The floor has 200 rooms each on the north side and south side along the corridor. Recently the Company made a plan to reform its system. The reform includes moving a lot of tables between rooms. Because the corridor is narrow and all the tables are big, only one table can pass through the corridor. Some plan is needed to make the moving efficient. The manager figured out the following plan: Moving a table from a room to another room can be done within 10 minutes. When moving a table from room i to room j, the part of the corridor between the front of room i and the front of room j is used. So, during each 10 minutes, several moving between two rooms not sharing the same part of the corridor will be done simultaneously. To make it clear the manager illustrated the possible cases and impossible cases of simultaneous moving.
Input
The input consists of T test cases. The number of test cases ) (T is given in the first line of the input. Each test case begins with a line containing an integer N , 1<=N<=200 , that represents the number of tables to move. Each of the following N lines contains two positive integers s and t, representing that a table is to move from room number s to room number t (each room number appears at most once in the N lines).

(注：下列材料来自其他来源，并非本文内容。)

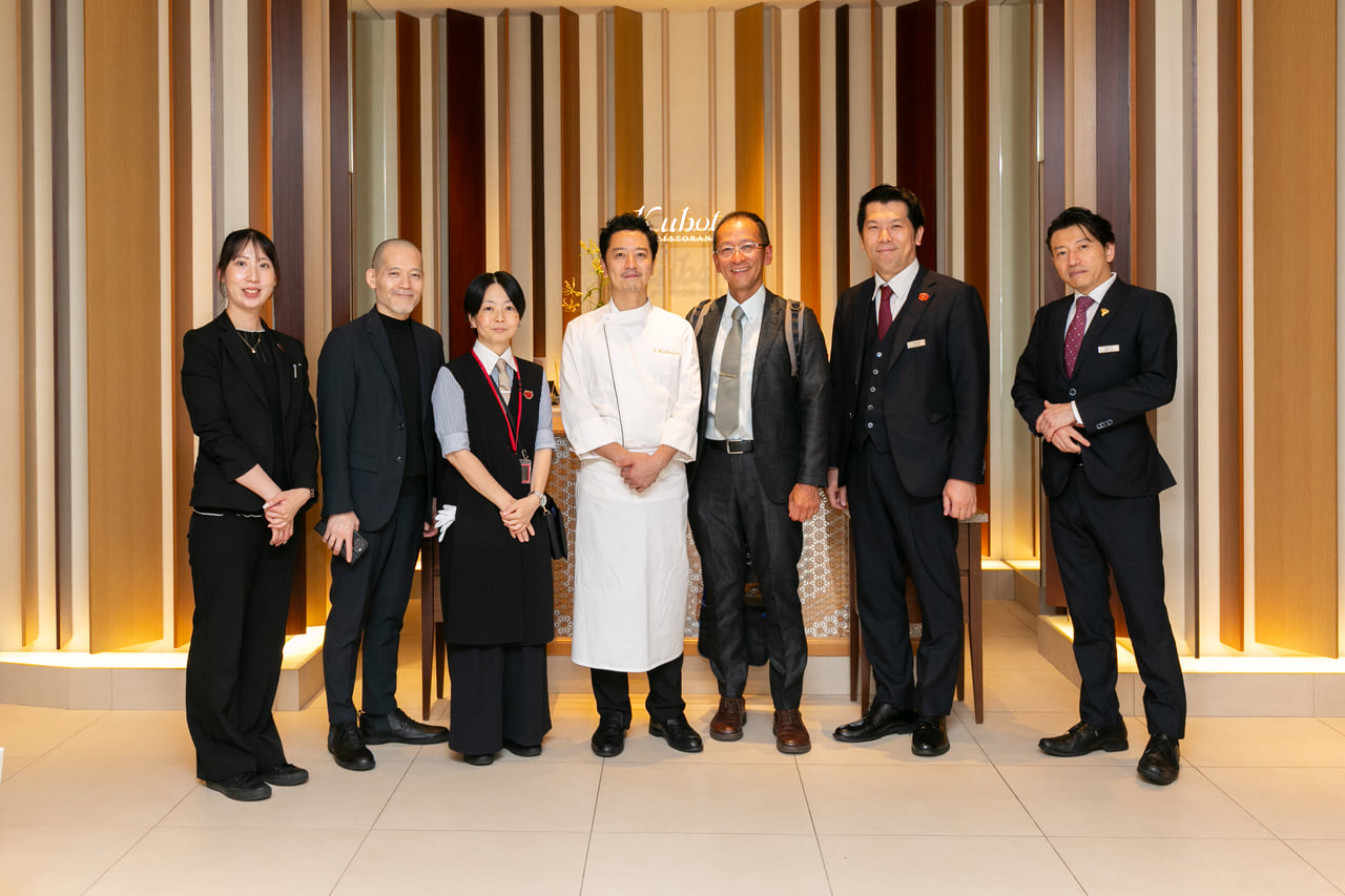 写真右から、Kubotsuソムリエ藤本さん、Kubotsu支配人千葉さん、安心院葡萄酒工房・古屋工房長、窪津シェフ、リーデル吉永、庄司、リーデル木村

From the N+3-rd line, the remaining test cases are listed in the same manner as above.
Output
The output should contain the minimum time in minutes to complete the moving, one per line.
Sample Input
3
4
10 20
30 40
50 60
70 80
2
1 3
2 200
3
10 100
20 80
30 50
Sample Output
10
20
30
思路
使用貪心演算法。記錄每一個通道使用的次數,使用次數最多的通道乘每次的時間即為最短時間。
下面證明一下:
假設通道使用次數最多的為N。先搬經過需要被經過N此通道的桌子(幾個不相交的區間同時搬,可能存在也為N的此時搬不了,後面證明這種情況不可能),如果這次搬之後,所有通道的次數最大為N-1,那麼再搬第二次,最大就為N-2,搬N次,最大就為0,也就是所有都為0,所有桌子都搬完了。
另外,注意
輸入前面的數不一定大於後面的數
3-5和6-8有重疊 (5和6的通道相同)
程式碼
#include<iostream>
#include<cstdio>
#include<algorithm>
#include<cstring>
using namespace std;
int pas[205];
int main()
{
int t;
cin>>t;
while(t--)
{
memset(pas,0,sizeof(pas));
int n;
cin>>n;
for(int i=1;i<=n;i++)
{
int a,b;
scanf("%d%d",&a,&b);
if(a>b)
swap(a,b);
a=(a+1)/2;
b=(b+1)/2; //計算通道
for(int i=a;i<=b;i++)
pas[i]++;
}
int maxx=0;
for(int i=1;i<=201;i++)
maxx=max(maxx,pas[i]);
cout<<maxx*10<<endl;
}
return 0;
}
還可以用差分,時間複雜度更小
#include<iostream>
#include<cstdio>
#include<algorithm>
#include<cstring>
using namespace std;
int pas[205];
int main()
{
int t;
cin>>t;
while(t--)
{
memset(pas,0,sizeof(pas));
int n;
cin>>n;
for(int i=1;i<=n;i++)
{
int a,b;
scanf("%d%d",&a,&b);
if(a>b)
swap(a,b);
a=(a+1)/2;
b=(b+1)/2;
pas[a]++;
pas[b+1]--;
}
for(int i=1;i<=201;i++)
pas[i]+=pas[i-1];
int maxx=0;
for(int i=1;i<=201;i++)
maxx=max(maxx,pas[i]);
cout<<maxx*10<<endl;
}
return 0;
}